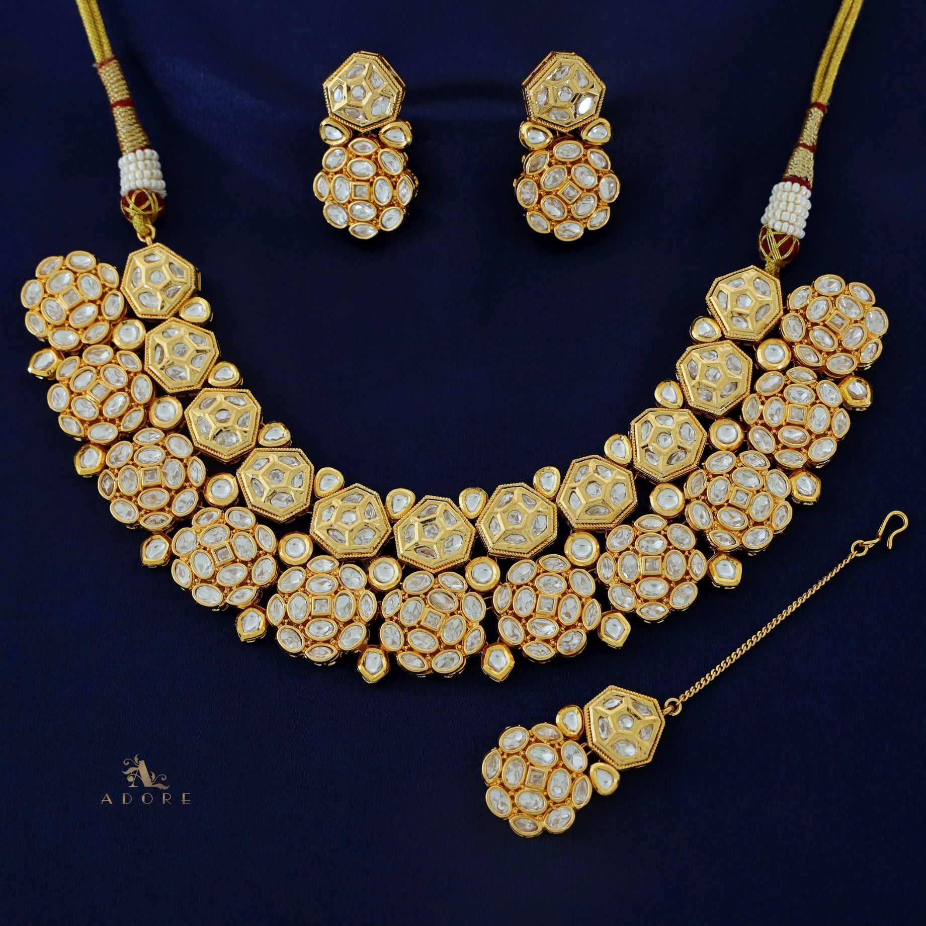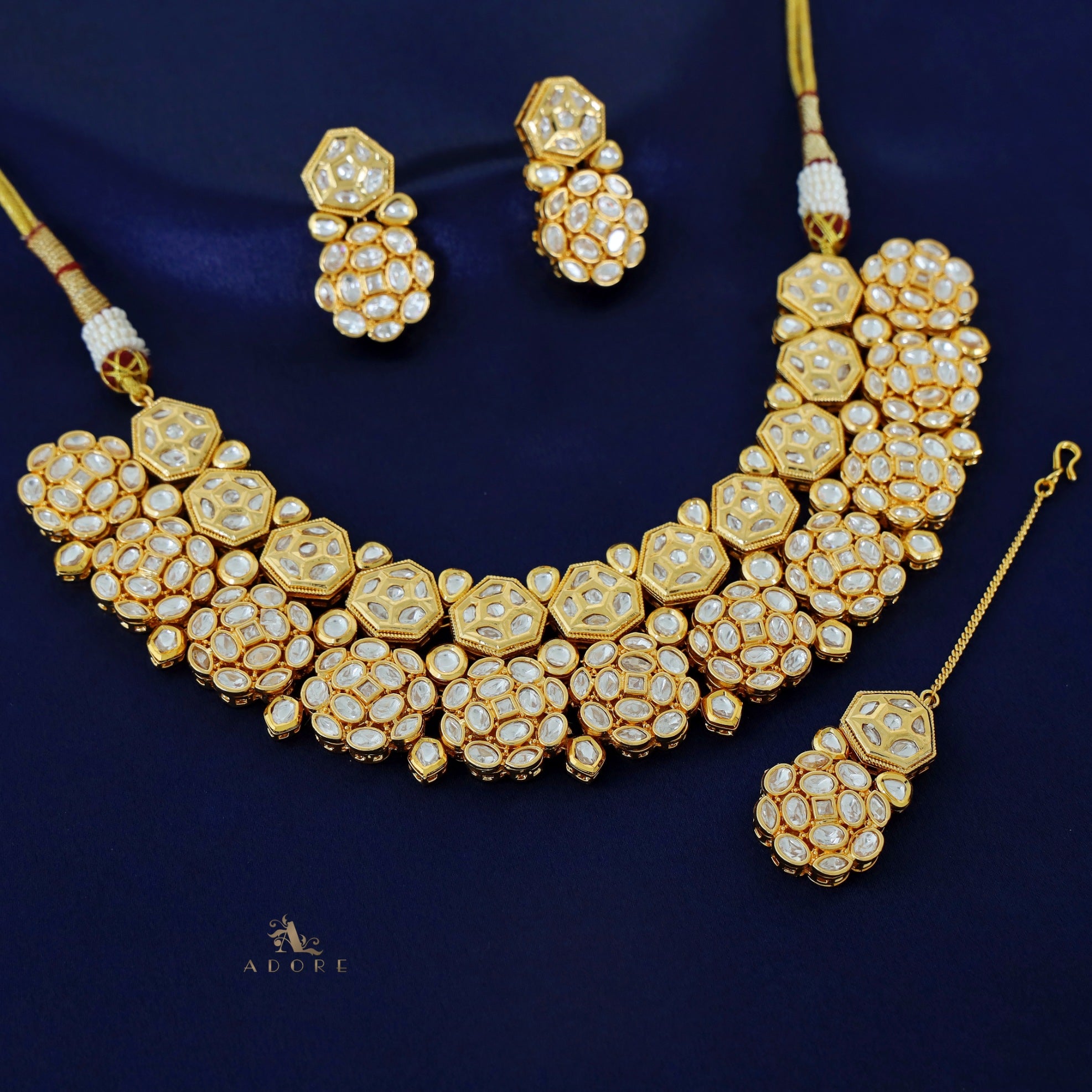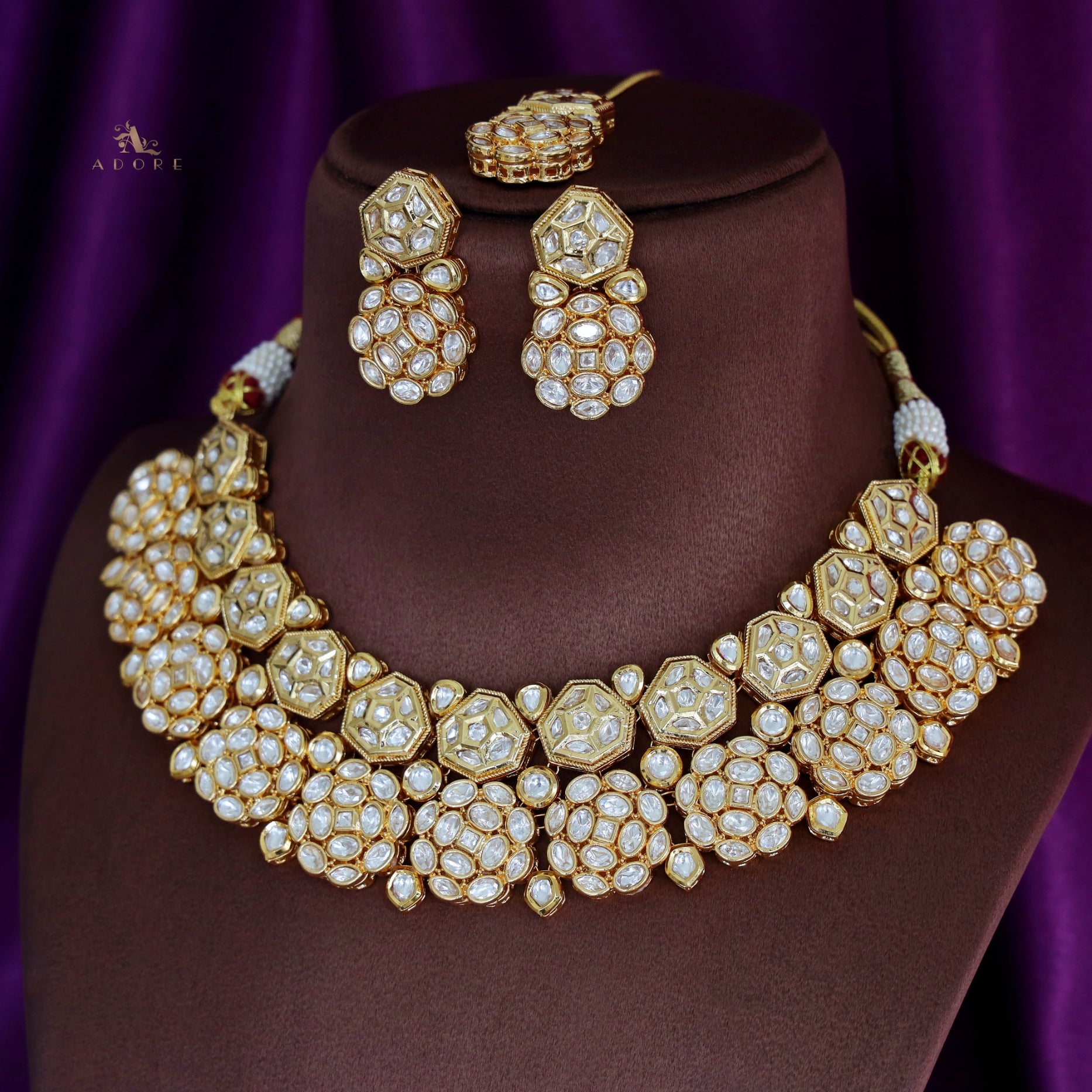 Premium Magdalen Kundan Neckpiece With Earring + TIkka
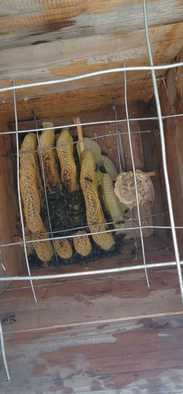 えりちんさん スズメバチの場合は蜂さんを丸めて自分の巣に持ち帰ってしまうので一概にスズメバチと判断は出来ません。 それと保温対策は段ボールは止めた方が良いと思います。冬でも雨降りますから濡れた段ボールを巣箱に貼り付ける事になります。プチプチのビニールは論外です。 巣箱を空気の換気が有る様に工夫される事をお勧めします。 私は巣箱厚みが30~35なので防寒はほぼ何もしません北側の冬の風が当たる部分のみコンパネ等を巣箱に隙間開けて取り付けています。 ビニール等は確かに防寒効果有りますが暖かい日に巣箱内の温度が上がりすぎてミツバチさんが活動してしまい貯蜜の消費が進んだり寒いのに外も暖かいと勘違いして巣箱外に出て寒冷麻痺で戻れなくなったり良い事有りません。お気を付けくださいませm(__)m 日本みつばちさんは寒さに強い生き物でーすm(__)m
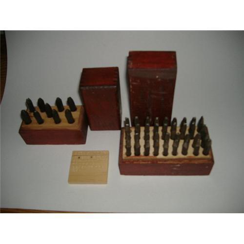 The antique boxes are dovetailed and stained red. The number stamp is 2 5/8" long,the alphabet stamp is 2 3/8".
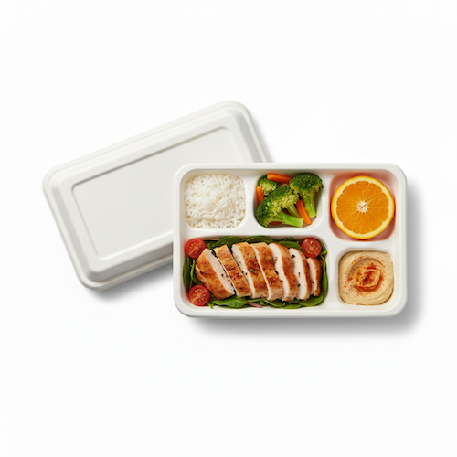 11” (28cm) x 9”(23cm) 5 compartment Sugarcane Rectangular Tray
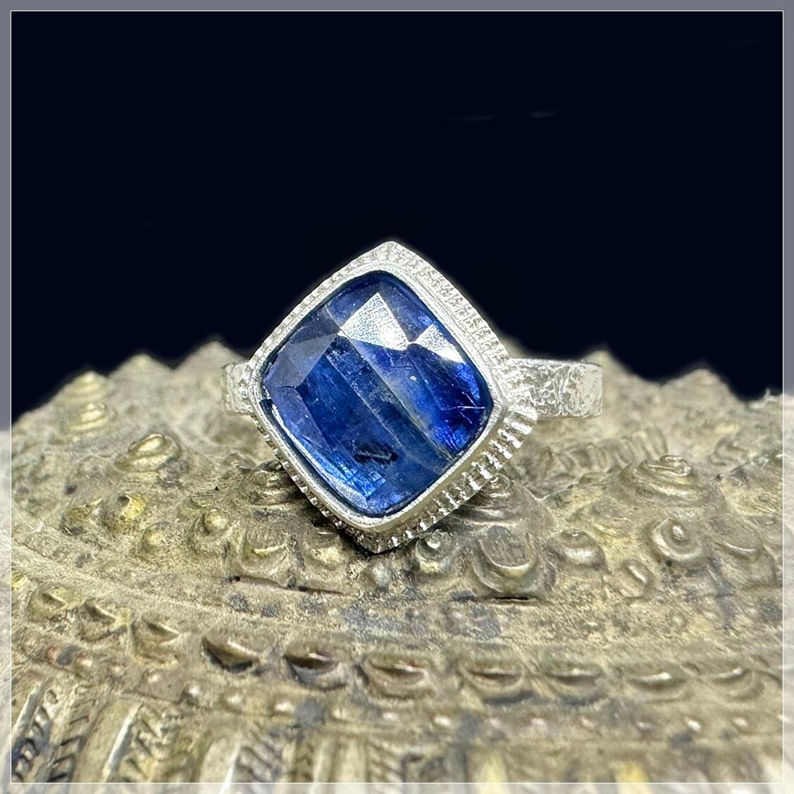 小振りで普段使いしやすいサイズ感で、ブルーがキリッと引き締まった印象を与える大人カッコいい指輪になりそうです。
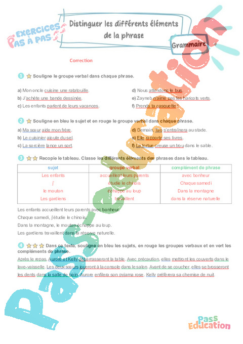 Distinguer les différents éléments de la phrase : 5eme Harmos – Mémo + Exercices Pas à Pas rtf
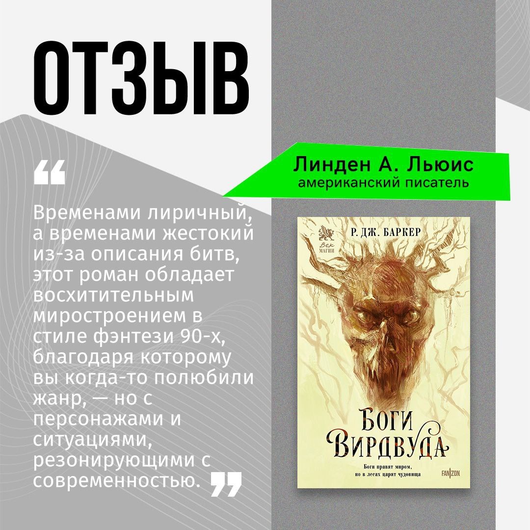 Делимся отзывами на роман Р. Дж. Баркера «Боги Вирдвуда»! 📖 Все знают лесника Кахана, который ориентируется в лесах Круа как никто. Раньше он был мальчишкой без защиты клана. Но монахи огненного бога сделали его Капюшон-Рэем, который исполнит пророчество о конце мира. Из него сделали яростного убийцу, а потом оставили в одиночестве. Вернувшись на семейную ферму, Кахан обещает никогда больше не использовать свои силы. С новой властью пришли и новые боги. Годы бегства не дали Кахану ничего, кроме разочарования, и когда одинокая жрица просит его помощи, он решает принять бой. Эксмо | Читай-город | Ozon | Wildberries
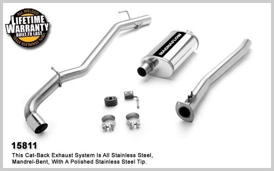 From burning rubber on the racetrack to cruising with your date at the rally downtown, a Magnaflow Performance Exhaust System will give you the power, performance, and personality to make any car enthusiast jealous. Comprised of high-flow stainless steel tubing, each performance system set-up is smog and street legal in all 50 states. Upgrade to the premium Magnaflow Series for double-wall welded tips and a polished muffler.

_____

Task to complete -> Copy nothing but the lines above from the one with "Sugarcane Rectangular Tray" to the one with "Distinguer les différents", inclusive, word for word. Leave every picture out.

Written answer ->
 11” (28cm) x 9”(23cm) 5 compartment Sugarcane Rectangular Tray
 小振りで普段使いしやすいサイズ感で、ブルーがキリッと引き締まった印象を与える大人カッコいい指輪になりそうです。
 Distinguer les différents éléments de la phrase : 5eme Harmos – Mémo + Exercices Pas à Pas rtf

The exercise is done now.